This paper introduces the Entity-Deduction Arena (EDA), a framework based on the 20 Questions (Q20) game, to evaluate the multi-turn conversational planning and reasoning capabilities of LLMs. The motivation stems from the observation that while LLMs excel at answering clear questions, they struggle with ambiguity and often fail to ask clarifying questions, a crucial skill for intelligent agents in real-world scenarios like task completion or conversational search.
The EDA framework involves two players: a "judge" (J) who knows a secret entity and answers questions with "Yes," "No," or "Maybe" (or "Dunno" for the Celebrities dataset), and a "guesser" (G), the LLM being evaluated, which must deduce the entity by asking a series of questions in as few turns as possible (up to 20). Success requires the guesser to perform state tracking (understanding context, history), strategic planning (asking efficient, non-redundant questions), and inductive reasoning (forming hypotheses based on answers).
Implementation Details:
- Judge: GPT-3.5-turbo is used as the judge, prompted to only provide constrained answers based on its knowledge of the entity. A low temperature (0.2) is used for more deterministic responses. Judge error rates were found to be low (~3%).
- Guesser: Various LLMs are evaluated as the guesser, using prompts instructing them to deduce the entity via questions. A higher temperature (0.8) is used for diverse outputs.

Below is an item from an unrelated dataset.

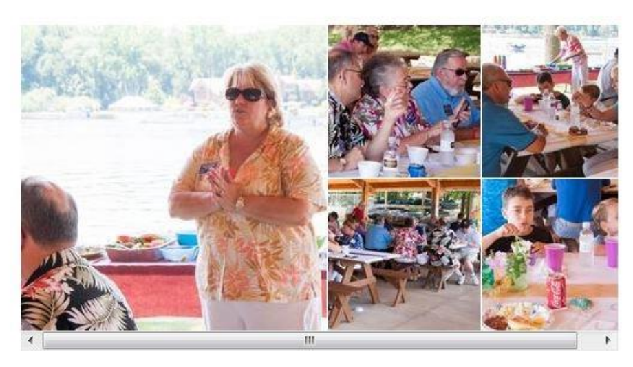
CLICK HERE TO SEE PHOTOS FROM THE DISTRICT AWARDS PICNIC

- Datasets: Two datasets were created: "Things" (500 common objects/concepts) and "Celebrities" (500 names across nationalities, eras, occupations). Each is split into train/eval/test sets.
- Evaluation Metrics:
#Turns
: Average game length (lower is better).Success rate
: Percentage of games won (exact match on final guess).#Yes
: Average number of "Yes" answers received (indicator of question quality).Score
: A combined metric rewarding success and penalizing turns beyond 5: if won, else 0.
Benchmarking Results:
- Several LLMs (GPT-4, GPT-3.5, Claude-1/2, Vicuna-7B/13B, Mistral-7B) were benchmarked.
- GPT-4 significantly outperformed other models and human players on both datasets.
- Stronger models generally showed better planning (fewer redundant questions, better partitioning of possibilities) and reasoning (avoiding inconsistent questions/guesses).
- Weaker models often failed due to "Early Enumeration," "Redundancy," or "Inconsistency."
- Open-source models like Vicuna-13B and Mistral-7B showed promise, sometimes outperforming older closed models like Claude-1.
Analysis and Enhancement:
- Strategy Probing (RQ1): By prompting the guesser for its top-5 entity candidates at each turn, the paper found that strong models like GPT-4 seem to maintain an internal state/taxonomy, asking questions to efficiently partition the likely candidates. They can also backtrack when uncertain or when realizing a category was overlooked.
- Planning vs. Reasoning (RQ2): An experiment swapping models only for the final guess showed that both strong planning (generating an informative game trajectory) and strong reasoning (making the final correct guess based on the trajectory) are crucial and synergistic. Poor planning makes the final reasoning step very difficult, even for a strong model.
- Behavior Cloning (BC) (RQ3-5):
- Fine-tuning Vicuna models on game demonstrations generated by GPT-3.5 significantly improved their performance, showing weaker models can imitate stronger ones (RQ3).
- Training only on successful demonstrations ("V-FT (Suc.)") yielded better results than training on all demonstrations ("V-FT (All)"), especially on the "Things" dataset (RQ4).
- Larger models (Vicuna-13B) also improved with BC, but the relative gain was smaller than for the 7B model. Improvements were less pronounced on the "Celebrities" dataset, suggesting imitation might be harder for tasks requiring more specific knowledge or strategy (RQ5).
- Reinforcement Learning from Game-Play (RLGP):
- Using Proximal Policy Optimization (PPO) with rewards based on the game score (final reward) and receiving "Yes" answers (intermediate reward), Vicuna models were further improved.
- RLGP-trained models (V-RLGP) outperformed their BC-finetuned counterparts on the in-domain "Things" dataset, with V-RLGP 13B matching GPT-3.5 performance.
- Some generalization improvement was observed on the out-of-domain "Celebrities" dataset.
- Breakdown Analysis: Models showed varying strengths on different entities. RLGP tended to improve success on items the base model already had some chance on, while BC was better at enabling success on entirely new items.
The paper concludes that the EDA benchmark effectively probes LLM planning and reasoning. State-of-the-art LLMs demonstrate these abilities to some extent, and techniques like Behavior Cloning and Reinforcement Learning can enhance these capabilities in open-source models. The code and datasets are released to facilitate future research.